The former Green politician also speaks out in favor of resolute action against religious group pressure in schools. "Religious bullying is a clear violation of human rights for which the school must absolutely go on parade." Younger students in particular could be traumatized if they are pressured by classmates to dress religiously.

"In fact, we are dealing here with manifestations of a culture war for the young minds." Edler, who helped found the Hamburg Greens in 1981, also criticized his party. "The confrontation with Islamism is characterized by a false reluctance among some of my party friends," he said. "Some Greens have sacrificed women's rights to a relativistic culturalism."

Contraditions and the magic solutions
In 2016 he considered the fear of Islamist youth in Germany to be exaggerated, and as reported by Die Welt back then, he had surprisingly simple ideas for integrating the people in the country.

This was his simple solution:

"Why don't we set up a New Aleppo in Western Pomerania? With many capable people from our country and from Syria. Then we show that what the British and Irish emigrants did in the northeastern United States can also be done here. Former British Prime Minister Margaret Thatcher said a wise phrase: "There is no society." Indeed. We have modern forms of non-socializing that lead to a mass experience of loneliness. The number of single-person households in a city like Hamburg is more than 50 percent. In this loneliness, human longings for a return to community with others arise. Because man is a zoon politikon, says Aristotle."
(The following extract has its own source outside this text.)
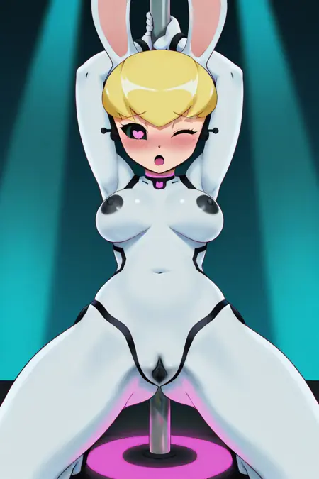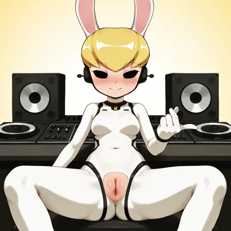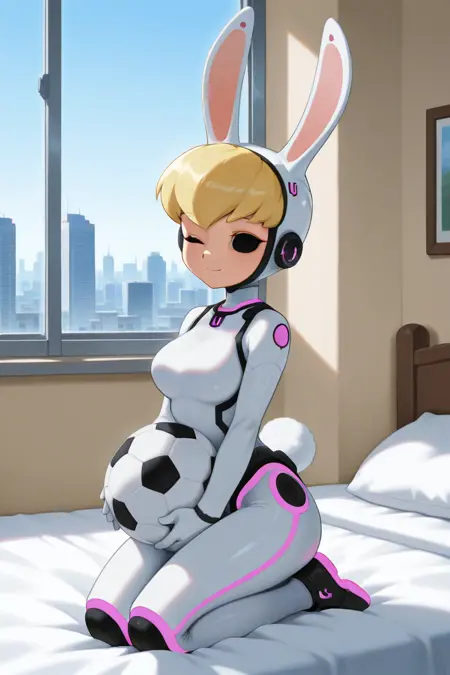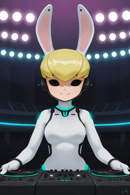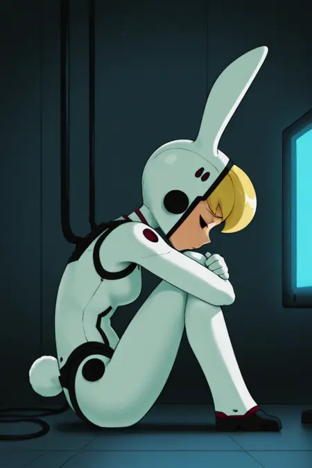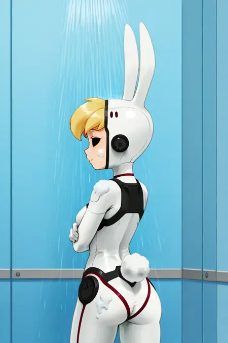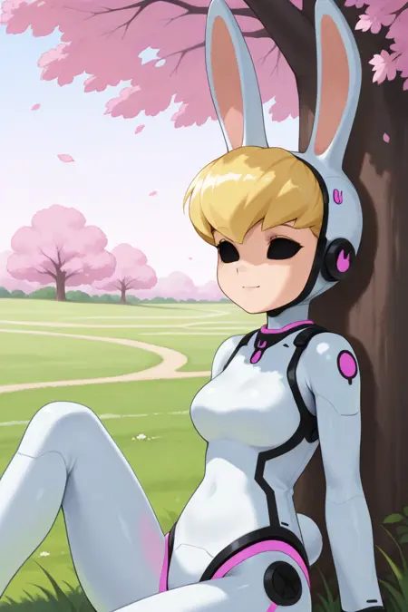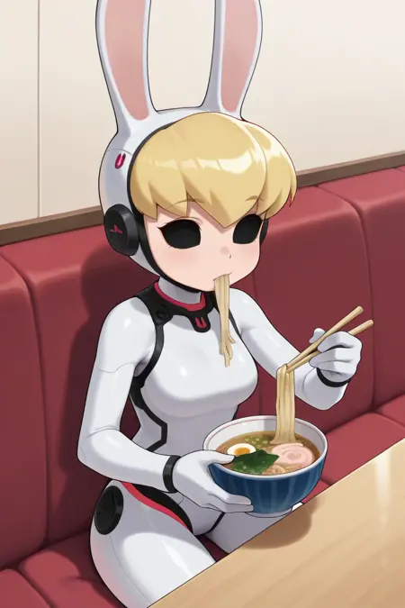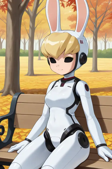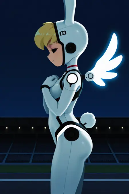 외모 태그 [Illustrious V2.1]: 로봇, 흰색 몸체, 흰색 바디슈트, 밝은 피부 얼굴, 짧은 머리, 금발, 헬멧, 토끼 귀, (검은 공막, 동공 없음), 토끼 꼬리
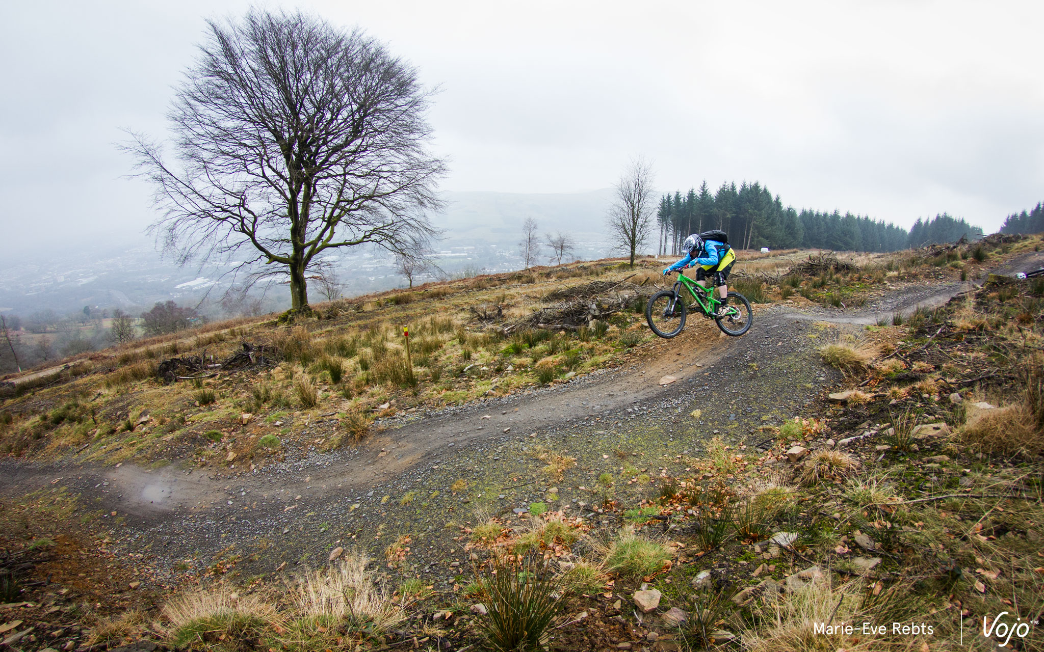 L’un des ingrédients du succès du BikePark Wales, c’est ce « revêtement » dur et truffé de pierres que l’on retrouve sur la plupart des pistes. Non seulement il offre du grip et une faible résistance au roulement, mais en plus il évite que les traces deviennent boueuses quand la pluie fait son apparition.

And to the question of whether it could be possible to tackle Edler answered: "I am very optimistic that we can get this problem under control. It is much more difficult for IS to win lone fighters who use specialist technical knowledge to make a bomb and who then know that they will either be dead or will be in prison. This is a much higher threshold than going to holy war in Syria in a group, following all possible illusions and with a Kalashnikov in hand."

Four years later and Kurt Edler seems to have lost his optimism.